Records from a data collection

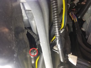 Install the bolt the attaches the LH side of the HEPA assembly to the lower dash.
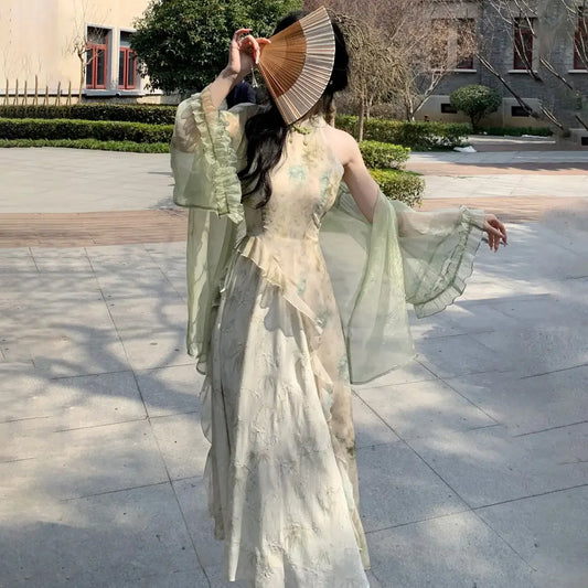 Elegant Green Halterneck Printed Patchwork Irregular Cheongsam Dress with Cardigan WoMen's Sweet Party Dress Vietnamese Dress Es
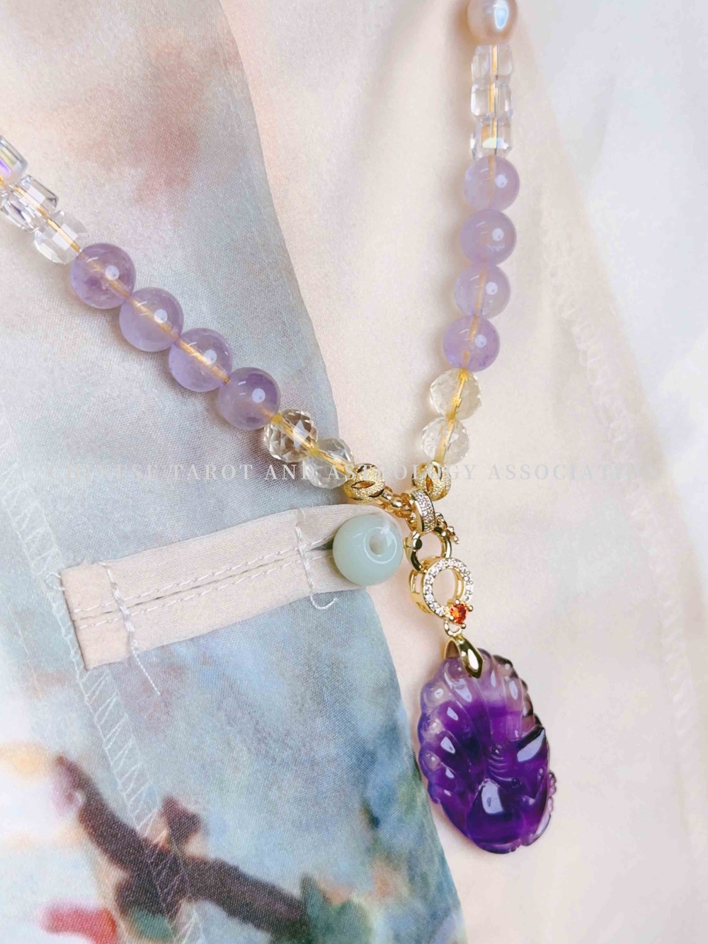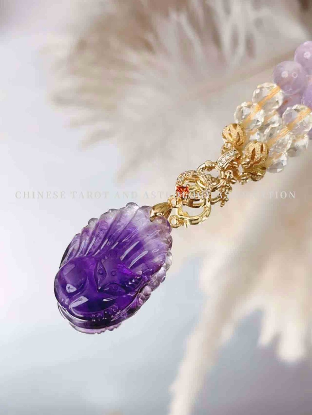 "Super Seven Amethyst Fox & Yellow Crystal & Lavender" Necklace 价格:
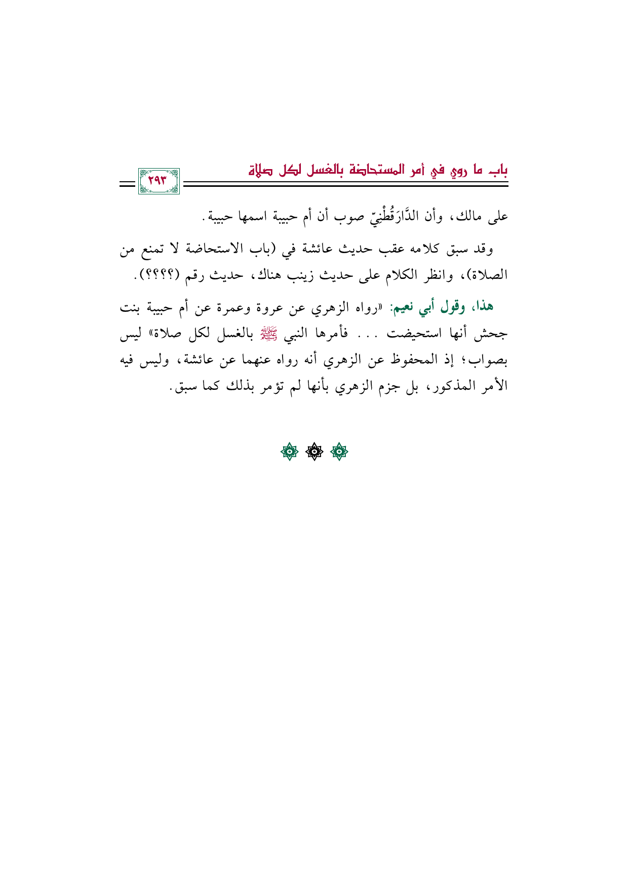 هذا، وقول أبي نعيم: ((رواه الزهري عن عروة وعمرة عن أم حبيبة بنت جحش أنها استحيضت ... فأمرها النبي صلى الله عليه وسلم بالغسل لكل صلاة)) ليس بصواب؛ إذ المحفوظ عن الزهري أنه رواه عنهما عن عائشة، وليس فيه الأمر المذكور، بل جزم الزهري بأنها لم تؤمر بذلك كما سبق.
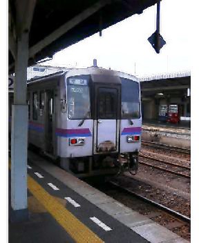 やってきた列車は写真のようなお姿。改造前を念頭にBefore→Afterといった感じで見ると、なかなか微妙になった顔立ちで……。車内放送で曰く、クルージング船をイメージしたものだそうで。架線張ってあるのにディーゼルカーなあたりは船らしいかな。
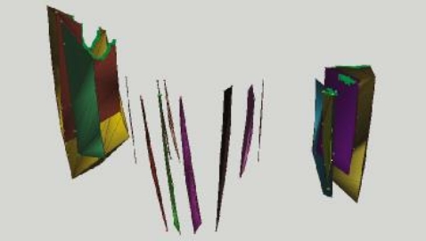 断层建模前需对产状数据进行前期处理,先将产状数据(倾向<倾角)根据换算公式在excel表中换算成切向量(X,Y,Z)的形式,再导入GOCAD构建断层界面。
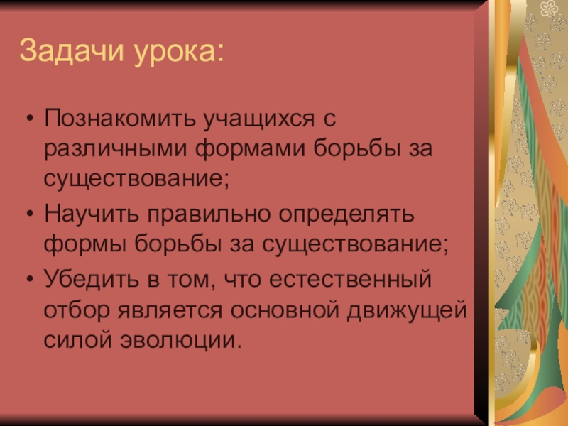 Задачи урока:Познакомить учащихся с различными формами борьбы за существование;Научить правильно определять формы борьбы за существование; Убедить в том, что естественный отбор является основной движущей силой эволюции.
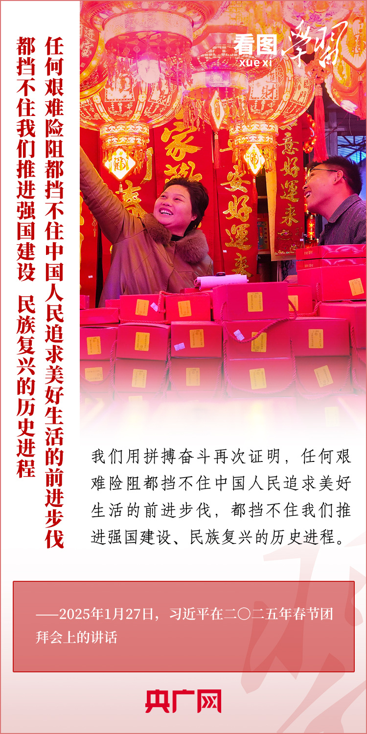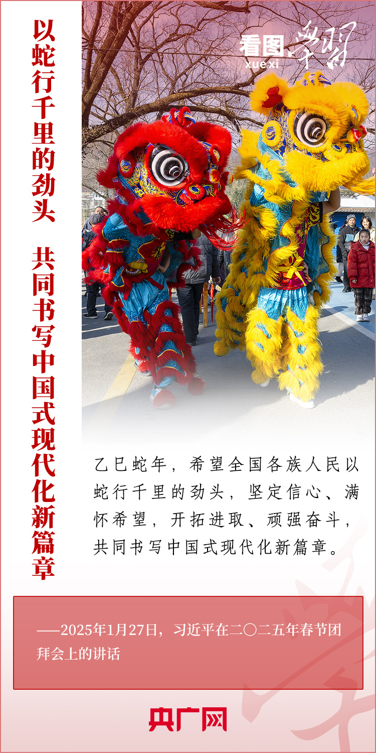 1月27日,中共中央、國(guó)務(wù)院在北京舉行春節(jié)團(tuán)拜會(huì),習(xí)近平總書(shū)記發(fā)表熱情洋溢的講話,向全國(guó)各族人民、港澳臺(tái)同胞、海外僑胞拜年并致以新春祝福。總書(shū)記在講話中深情回顧過(guò)去一年中國(guó)式現(xiàn)代化取得很不平凡的發(fā)展歷程,“希望全國(guó)各族人民以蛇行千里的勁頭,堅(jiān)定信心、滿懷希望,開(kāi)拓進(jìn)取、頑強(qiáng)奮斗,共同書(shū)寫中國(guó)式現(xiàn)代化新篇章?!币黄饋?lái)學(xué)習(xí)!
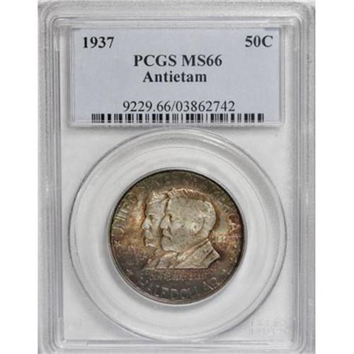 <B>1937 50C Antietam MS66 PCGS.</B></I> Decisively struck and slightly satiny with deep plum, claret, and reddish-orange colors at the margins. A well-defined example from one of the most notable Civil War commemorative issues of the classic era.<BR><BR><b>Shipping:</b> Coins & Currency (<a target="_blank" href="http://www.heritageauctions.com/common/shipping.php">view shipping information</a>)
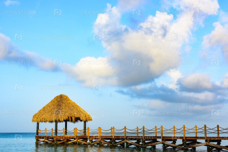 Горячий тропический день Карибский морской пирс с перголой
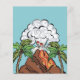 Lets have a blast volcano dinosaur birthday invitation. Cute dinosaur and volcano cartoons on a dark blue background
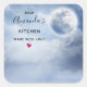 Made with love. kitchen stickers with a magical fantasy sky with fluffy blue clouds and a big beautiful moon. 2 white swans flying off together.
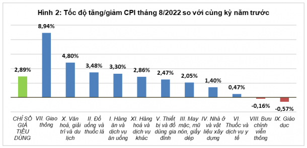 Theo Tổng cục Thống kê, mặc dù giá hàng hóa, dịch vụ tiêu dùng thiết yếu tăng theo giá nguyên liệu đầu vào và bước sang năm học mới 2022-2023, học phí giáo dục tại một số địa phương tăng trở lại, nhưng do giá xăng dầu trong nước liên tục được điều chỉnh giảm từ tháng 7/2022 đã làm cho chỉ số giá tiêu dùng tháng 8/2022 chỉ tăng nhẹ 0,005% so với tháng trước. So với cùng kỳ năm trước, chỉ số giá tiêu dùng tăng 2,89%.
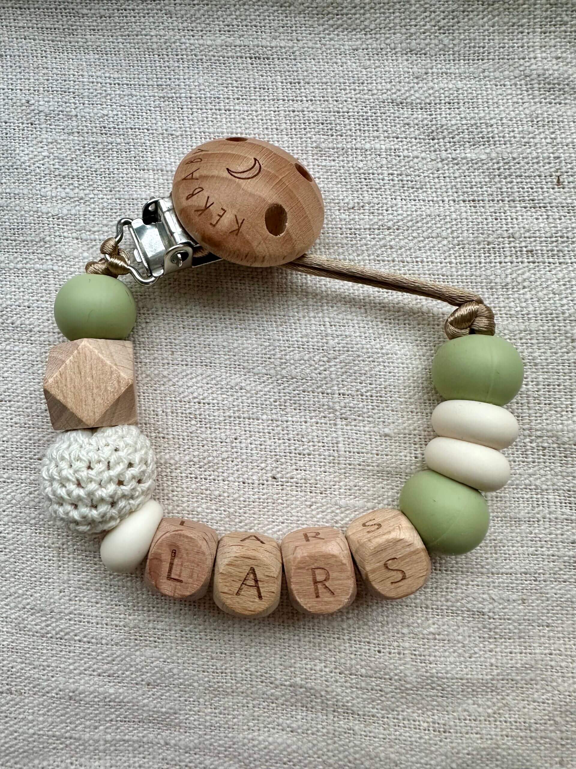 - De letterkralen zijn van hout of acryl. De clip is gemaakt van onbehandeld beuken hout. Het speenkoord wordt aangevuld met beuken houten kralen.
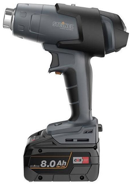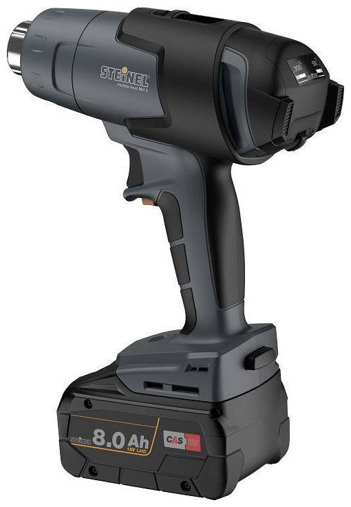 Πιστόλι θερμότητας μπαταρίας Steinel MH5 - νέο 2020 Άνετο, εύχρηστο, αποτελεσματικό πιστόλι θερμότητας που τροφοδοτείται από μπαταρία 18 V από την CAS - το θερμικό πιστόλι δημιουργήθηκε ως αποτέλεσμα της συνεργασίας μεταξύ Steinel και Metabo• ομαλή ρύθμιση θερμοκρασίας 50-600 °C. ρύθμιση με joystick κάθε 10 °C• ταχύτητα ροής αέρα μέγ. 600 l/min, σταδιακή ρύθμιση (6 επίπεδα)• προγραμματιστής με δυνατότητα να θυμάται 4 διαφορετικές ρυθμίσεις θερμοκρασίας και ροής αέρα• χρόνος προθέρμανσης ελάχ. 4 δευτερόλεπτα έως τη θερμοκρασία• χρόνος εργασίας μέγιστο 15 λεπτά σε έναν κύκλο φόρτισης μπαταρίας• το σετ περιλαμβάνει μπαταρία CAS 18V, φορτιστή ASC 30-36, βαλίτσα• σκανδάλη με προστασία από τυχαίο πάτημα• οπίσθιος φωτισμός LED• έξοδος σωλήνα Ø 34 mm για τυπικά ακροφύσια.

• Required action
Could you write out exactly the lines of the data above that run from the one holding "هذا، وقول أبي" to the one holding "Made with love.", with both ends in and all pictures out?

• Output
 هذا، وقول أبي نعيم: ((رواه الزهري عن عروة وعمرة عن أم حبيبة بنت جحش أنها استحيضت ... فأمرها النبي صلى الله عليه وسلم بالغسل لكل صلاة)) ليس بصواب؛ إذ المحفوظ عن الزهري أنه رواه عنهما عن عائشة، وليس فيه الأمر المذكور، بل جزم الزهري بأنها لم تؤمر بذلك كما سبق.
 やってきた列車は写真のようなお姿。改造前を念頭にBefore→Afterといった感じで見ると、なかなか微妙になった顔立ちで……。車内放送で曰く、クルージング船をイメージしたものだそうで。架線張ってあるのにディーゼルカーなあたりは船らしいかな。
 断层建模前需对产状数据进行前期处理,先将产状数据(倾向<倾角)根据换算公式在excel表中换算成切向量(X,Y,Z)的形式,再导入GOCAD构建断层界面。
 Задачи урока:Познакомить учащихся с различными формами борьбы за существование;Научить правильно определять формы борьбы за существование; Убедить в том, что естественный отбор является основной движущей силой эволюции.
 1月27日,中共中央、國(guó)務(wù)院在北京舉行春節(jié)團(tuán)拜會(huì),習(xí)近平總書(shū)記發(fā)表熱情洋溢的講話,向全國(guó)各族人民、港澳臺(tái)同胞、海外僑胞拜年并致以新春祝福。總書(shū)記在講話中深情回顧過(guò)去一年中國(guó)式現(xiàn)代化取得很不平凡的發(fā)展歷程,“希望全國(guó)各族人民以蛇行千里的勁頭,堅(jiān)定信心、滿懷希望,開(kāi)拓進(jìn)取、頑強(qiáng)奮斗,共同書(shū)寫中國(guó)式現(xiàn)代化新篇章?!币黄饋?lái)學(xué)習(xí)!
 <B>1937 50C Antietam MS66 PCGS.</B></I> Decisively struck and slightly satiny with deep plum, claret, and reddish-orange colors at the margins. A well-defined example from one of the most notable Civil War commemorative issues of the classic era.<BR><BR><b>Shipping:</b> Coins & Currency (<a target="_blank" href="http://www.heritageauctions.com/common/shipping.php">view shipping information</a>)
 Горячий тропический день Карибский морской пирс с перголой
 Lets have a blast volcano dinosaur birthday invitation. Cute dinosaur and volcano cartoons on a dark blue background
 Made with love. kitchen stickers with a magical fantasy sky with fluffy blue clouds and a big beautiful moon. 2 white swans flying off together.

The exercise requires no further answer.